Die Festnahme Cem Gürdeniz letzten Sonntag dürfe für diesen hinter den Kulissen bitter ausgetragenen Machtkampf bezeichnend sein. Ehemals bekannt als treuer Kemalist und als solcher unerbittlicher Bekämpfer der Islamisten, hat dieser Admiral nach 2016 im Dienste der Islamisten die Doktrin der sogenannten Blauen Heimat entwickelt. Diese Doktrin, die Erdoğan zur offiziellen Staatspolitik erhoben hat, erhebt Anspruch auf ausgedehnte Hoheitsgewässer in der Ägäis, dem Mittelmeer und dem Schwarzen Meer und hat letztes Jahr für enorme Spannungen zwischen der Türkei auf der einen Seite und Griechenland, Zypern, Israel und Ägypten auf der anderen gesorgt.
Am Dienstag wurde die Debatte über den Montreux-Vertrag vom Präsidenten fortgesetzt: «Wir werden uns weiterhin zu dieser Konvention bekennen, bis wir die Gelegenheit für eine bessere finden», zitierte ihn die staatliche Agentur Anadolu.
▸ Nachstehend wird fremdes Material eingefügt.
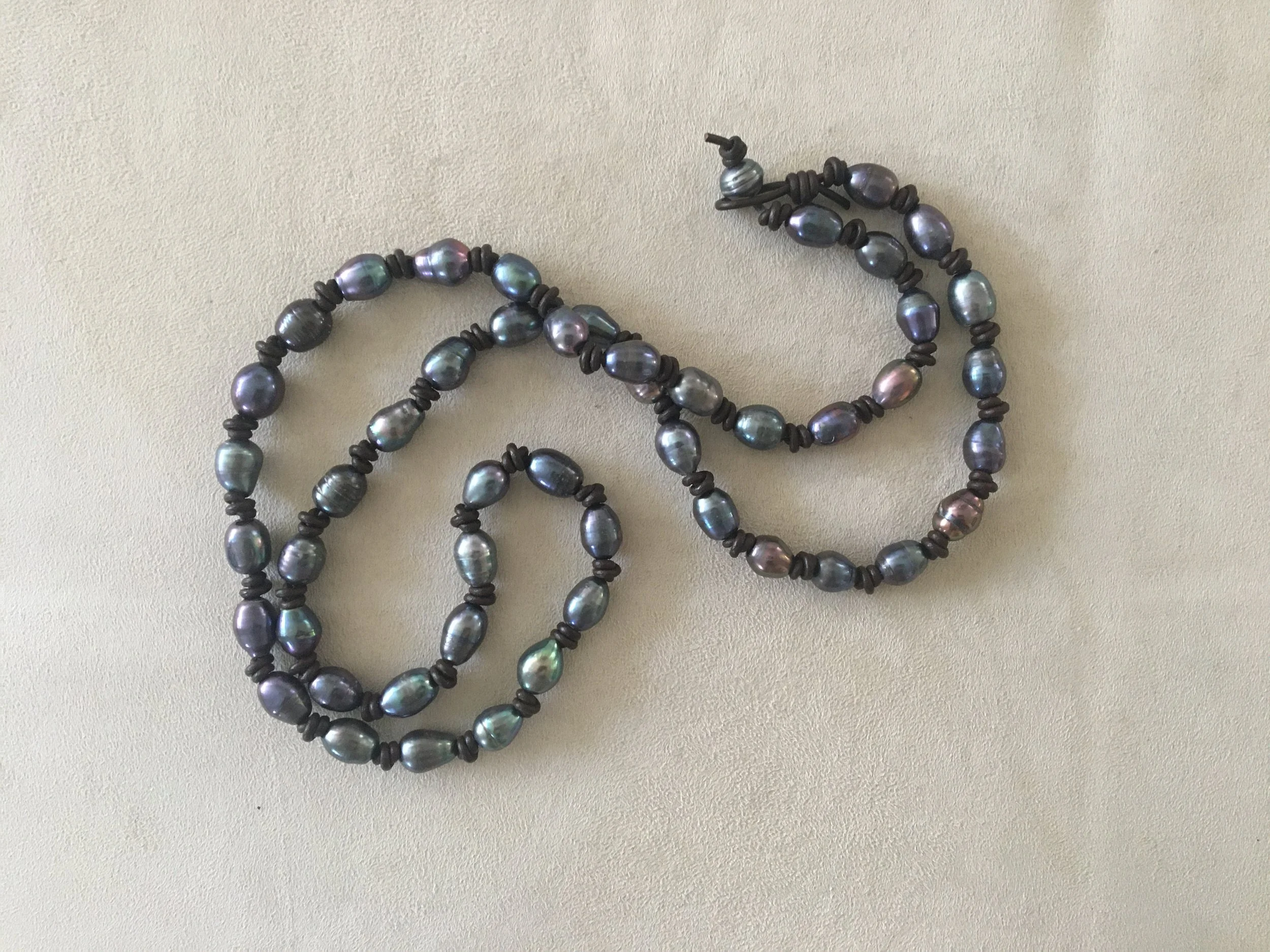 leather and pearls, red carpet to ranch! 37” length of beautiful blues, purples, taupe peacock baroque pearls strung and knotted on espresso soft leather. wear long or wrap around for a double strand necklace.
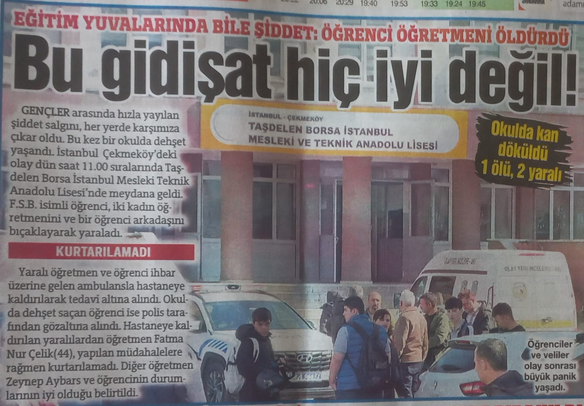 Okullarda meydana gelen son şiddet vakalarının en vahimi önceki gün İstanbul'da yaşandı. İstanbul Taşdelen Borsa İstanbul Mesleki Teknik Anadolu Lisesi’nde yaşanan olayda 17 yaşındaki F.S.B iki kadın öğretmeni ve bir öğrenci arkadaşını bıçaklayarak yaraladı. Büyük panik yaşanan olayda 44 yaşındaki Fatma Nur Çelik hayatını kaybetti.

Wie Erdoğan ausführte, werde der «Kanal Istanbul» eine Alternative außerhalb der Beschränkungen des Montreux-Vertrages schaffen: «Wir streben nach einem Abkommen, das komplett der Souveränität der Türkei unterliegt». Davon zeigte sich allerdings sein engster Alliierter in der Regierung, der Ultra-Rechte Devlet Bahceli, nicht sonderlich begeistert: der Respekt der Montreux-Konvention sei «unsere rote Linie, die Frieden und Stabilität im Schwarzen Meer garantiert», erklärte er der Parlamentsfraktion seiner Partei, faktisch im Einklang mit den 104 pensionierten Admiralen. Und als hätte Präsident Erdoğan seinen Wunsch nach einer besseren Alternative nicht gerade der Öffentlichkeit mitgeteilt, sagte Devlet Bahceli ohne Umschweife: In der Türkei gebe es schliesslich «niemanden, der die Montreux-Konvention zur Diskussion stellt oder zu ihrer Abschaffung aufruft».